現時点では、この多目的戦闘機のテストは20%までしか進んでいない。この戦闘機には最先端のステルス技術が使われているが、機体を制御するソフトウェアの開発が開発チームにとって最も厄介な課題である。それによって研究費は初期の予測よりはるかに高くなった。その結果、ロバート・ゲーツ前国防長官は、F35戦闘機の生産を減らした。12月15日にはジョン・マケイン上院議員が「国防総省は技術的な問題への理解もなしにF35は費用対効果の高い第5世代戦闘機だと宣伝した。

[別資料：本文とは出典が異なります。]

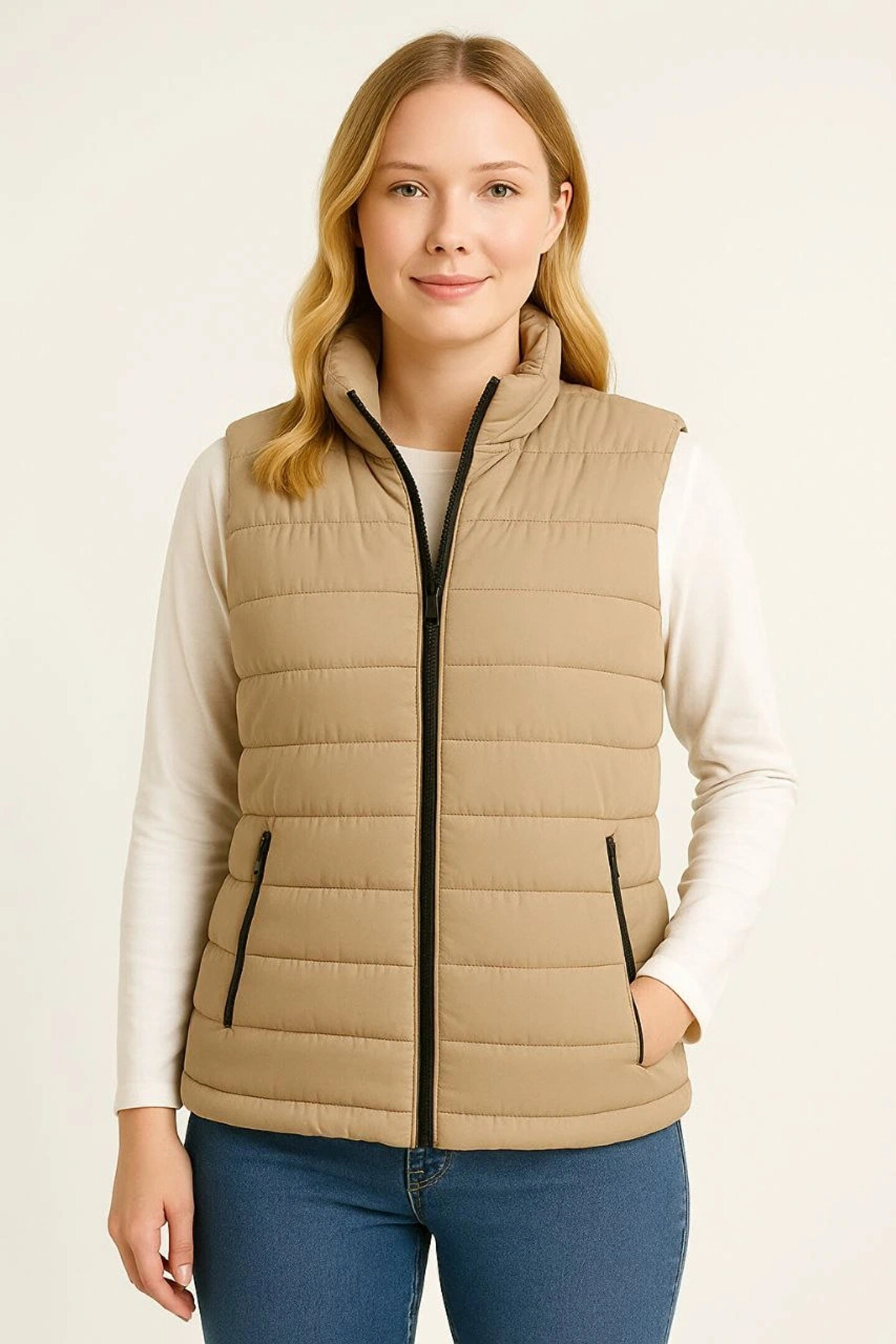 mzpkartan Kadın Şişme Fermuarlı Yelek Su itici Kapitone Astarlı Kumaş Cepli Hafif Kışlık Spor Rahat Kalıp - Be

そのような杜撰な計画は『災難の元凶』だ」と批判した。開発費の予期せぬ高騰とともに、国防費の削減が統合打撃戦闘機の開発計画に大きな障害となっている。計画当初は3,000機のF35戦闘機が生産され、アメリカの三軍と同盟国の軍の戦闘爆撃機と世代交代することになっていた。ブルッキングス研究所のマイケル・オハンロン上級研究員は「各軍や国ごとのそうした多様な要求を満たすよりも、統合打撃戦闘機の総数を削減して空軍版のF35Aに集中するとともに、海兵隊用のV/STOL版F35Bと海軍版のF35Cは計画破棄せよ。F35戦闘機の経過右派機および削減分は無人機を発注するように」と提言している。シンプソン・バウエルズ債務削減委員会も同様な提言をしている。
問題は、中国の急速な軍拡とロシアの依然として侮りがたい空軍力を前に、アメリカが空軍力の優位を持続できるかである。両国とも現在、ステルス戦闘機を開発中で、やがては反欧米の専制国家にそれらの戦闘機を輸出するだろう。ソ連はかなり前に崩壊したというだけで、ウォルター・ピンカス氏がこれらの脅威を軽く見るのはあまりに楽観的である。さらに多国間プロジェクトの性質上、上記のような計画破棄が実施されれば同盟国に自国の国防計画の変更を強要することにもなりかねない。F35のV/STOL版が破棄されれば、イタリアとスペインは現在のハリアーに変わる空母艦載機を失ってしまう。この計画で第二位の出資国であるイギリスも、F35Cが入手できないとなるとCVF(次期空母)計画を練り直さねばならなくなる。日本は次期戦闘機にF35を選定したが、甚だしい開発の遅延によってイギリスの政策形成者達が現行案を再検討する可能性もあるので、クイーン・エリザベス級空母の計画から目を離すべきではない。F35をめぐる現在の不首尾によって、大西洋と太平洋でのアメリカの最重要同盟国の国防に支障をきたすことになる。
確かに、ペンタゴンの計画は杜撰で、それが新型ステルス戦闘機の価格を予想外に押し上げたと言える。しかしオバマ政権がアメリカと同盟国の防衛に確固たる関与をするのかも問わねばならない。アメリカの国益に適うのは、アジア回帰よりも世界秩序を維持するだけの充分な軍事力の維持である。中国への備えを強化することは正しいが、この国の拡張主義は東アジアだけでなく西方にも向いている。中国は中央アジアと中東でも影響力の拡大を望んでいる。充分な軍事力の裏付けのない『アジア回帰』などは、イランが好戦性を強めアラブ諸国がかつてない政治変動の最中にある地域において、力の真空を作り出すだけである。アメリカは多様な事態に対処できるだけの装備を備えねばならない。こうした観点からすれば、F35開発の現状は由々しき事態である。この問題はアメリカの主力兵器に関わるので、共和党の大統領候補達は来る選挙でバラク・オバマ大統領に挑戦するうえでも、この重要政策課題を多いに語って欲しい。